少しだけ力をこめているのだろうか、指先が肌に食い込んでいた。
動く指が肌の色を変えて跡を残していく。
確実に近づいていくことを萌に意識させるための行動だった。
幸介の意図どおり、萌の意識はこれから進む先を予測して身体を熱くした。
このペースだとあと3秒。
3秒後には核心に触れられる。
萌は唇を閉じてその瞬間を待った。
意識していないと触れられる前から声を洩らしてしまいそうだったからだ。
割れたワンピースから萌の白い腹部が覗いている。
その腹部が大きく波打っていた。
幸介の指はそのゲレンデを滑らかに下っていき、ショーツの縁で止まった。
(・・・)
ショーツの上を行くのか、下に潜り込むのか・・・
萌にとっては大きな問題だ。
いずれにしろ太腿を固く閉じることにした。
結局幸介は前者を選んだ。
白いシルク生地のショーツはひどく滑らかに幸介の指を運んでいく。
途中萌のヘアーが僅かな抵抗を作ったが、かえって指の動きを萌に知らせることとなる。
それを過ぎたとき、萌の身体が軽く跳ね上がっていた。
(あっ、そこ・・・)
その刺激はあっという間になくなって、かわりにクチュと言う音が萌の耳に届く。
濡れてる・・・)
そんなことは随分以前にわかっていたことだったが、あらためて音として聞いたとき萌は自分が感じてしまっていることを確認させられた。
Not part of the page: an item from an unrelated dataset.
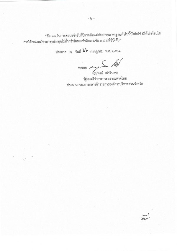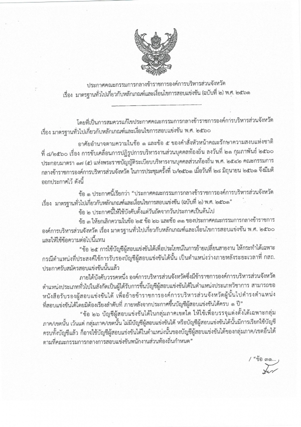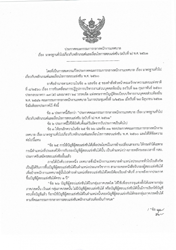 ประกาศคณะกรรมการกลางข้าราชการและพนักงานส่วนท้องถิ่น เรื่องมาตราฐานทั่วไปเกี่ยวกับหลักเกณฑ์และเงื่อไขการสอบแข่งขัน (ฉบับที่ 2) พ.ศ.2561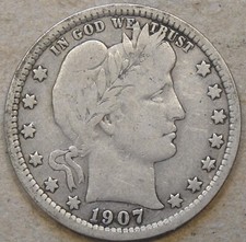 1907 Barber Quarter 25c Nearly F as Pictured r

いつの間にか閉じていた太腿から力が抜け落ち、隙間を作っていたらしい。
幸介はいとも簡単に結界を越えて萌の中心を楽しんでいるようだ。
「幸介さん・・・恥ずかしいから」
絶え間なく聞こえてくる音が萌の羞恥心をあおっていた。
「っあ」
今度は左の乳首を強く吸われて背中が大きく仰け反った。
萌の声を合図に幸介の口は乳首を咥え込み、舌の先でそれを転がすようにした。
萌の膝が曲がる。
股間に置かれた手がそこに振動を送って来たのだ。
(な、なに・・・こんなの初めて!)
「あう・・・」
萌は歓・喜を伝える言葉をかろうじてのみこんだ。